Males have long, flowing fins, females have shorter, stubby fins. 

If you put 2 males in together they will fight (probably until one is dead).

If you put a male and a female in together, he very well might pick on her until she dies from stress or injury, (even though it's a potential mate, the males are still aggressive and territorial).

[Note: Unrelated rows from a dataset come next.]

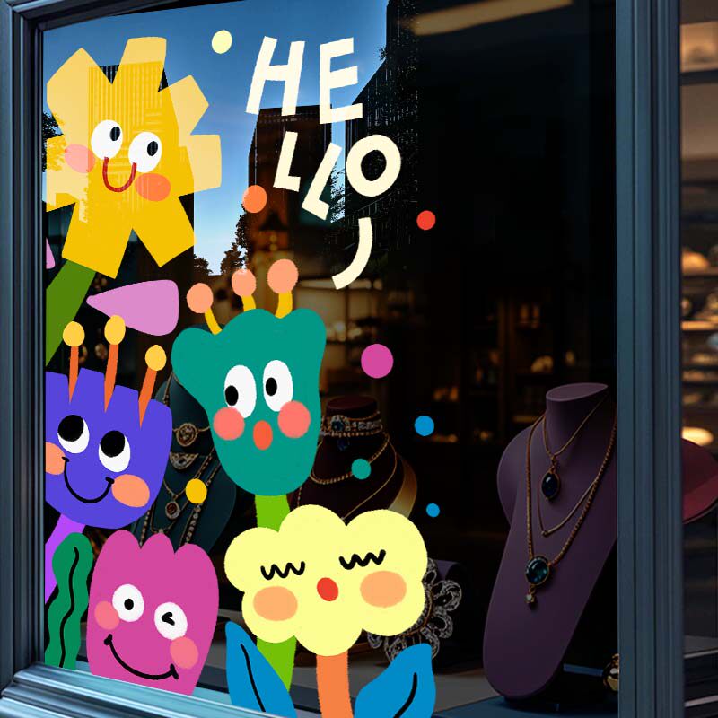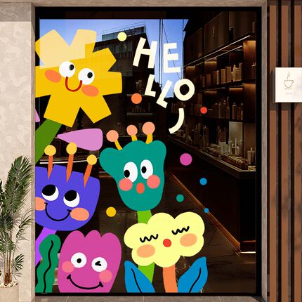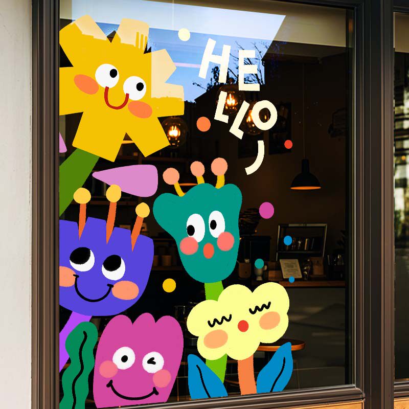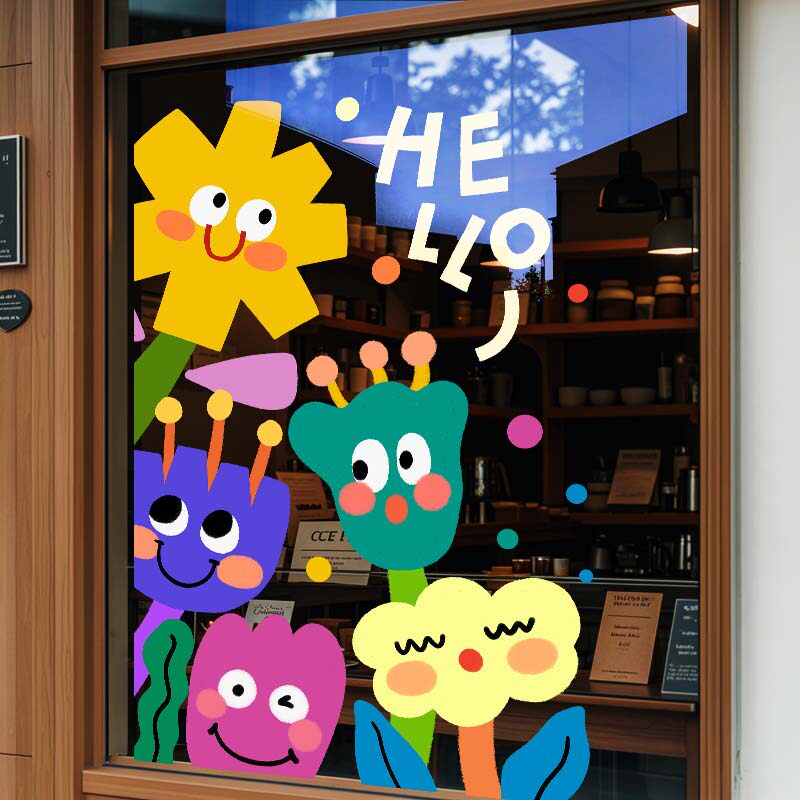 创意花朵玻璃贴纸店铺欢迎光临门贴画卡通可爱静电贴幼儿园装饰品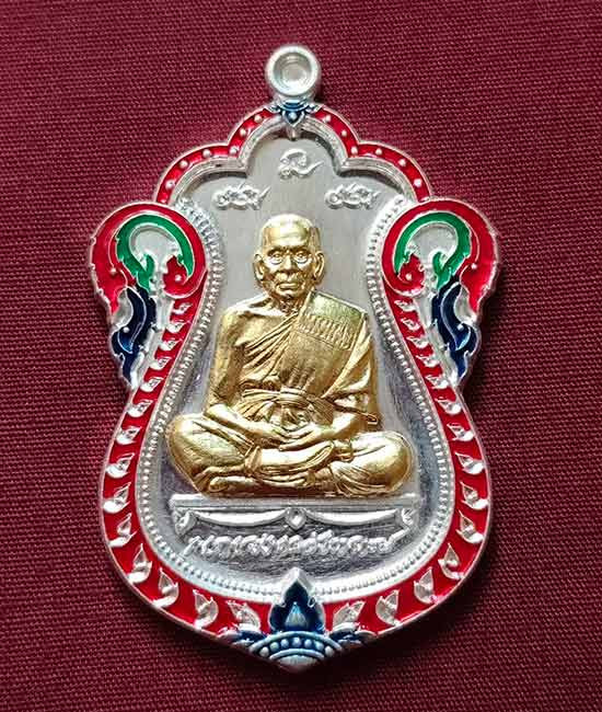 เหรียญสมปรารถนา หลวงปู่สงฆ์ วัดบ้านทราย เนื้อเงิน ลงยา |
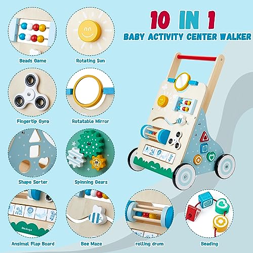 Girello in legno, 10 in 1 Baby Activity Center Push Walker regolabile, giocattolo per bambino, ragazzi (BW001)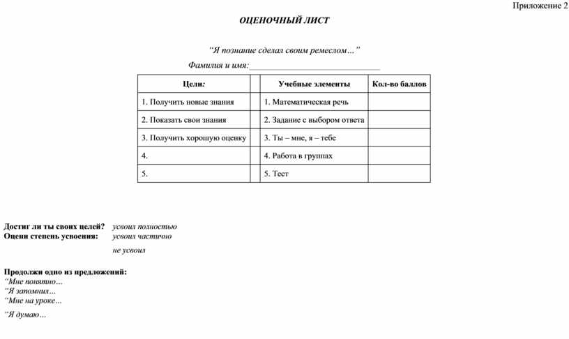 Достиг ли ты своих целей? Оцени степень усвоения: |

It is possible to put a few females in together but only if the tank is big enough and if there are enough hiding places. Females will sometimes bully each other, but it is possible to keep females together - it really just depends on each female's personality.


----------



## majerah1 (Oct 29, 2010)

Some males have short fins....But its easy to tell by pics which is which.As far as other bettas as tankmates,there are a few that will work,but will cost you a good penny.Mouthbrooders,like the Albimarginata,Simplex and Pugnax will be fine as long as the one you have isnt overly aggressive.I would stay away from the splenden complex,because most likely yours is a splenden and will indeed breed with other splendens,mahachai,imbellis,smaragdina and stictos.


----------



## Rob72 (Apr 2, 2011)

thanks for the info, tomorrow after work ill get some pictures of the betta we have and see if you might know if its a male or female and what kind, again thanks for all your help 
Rob


----------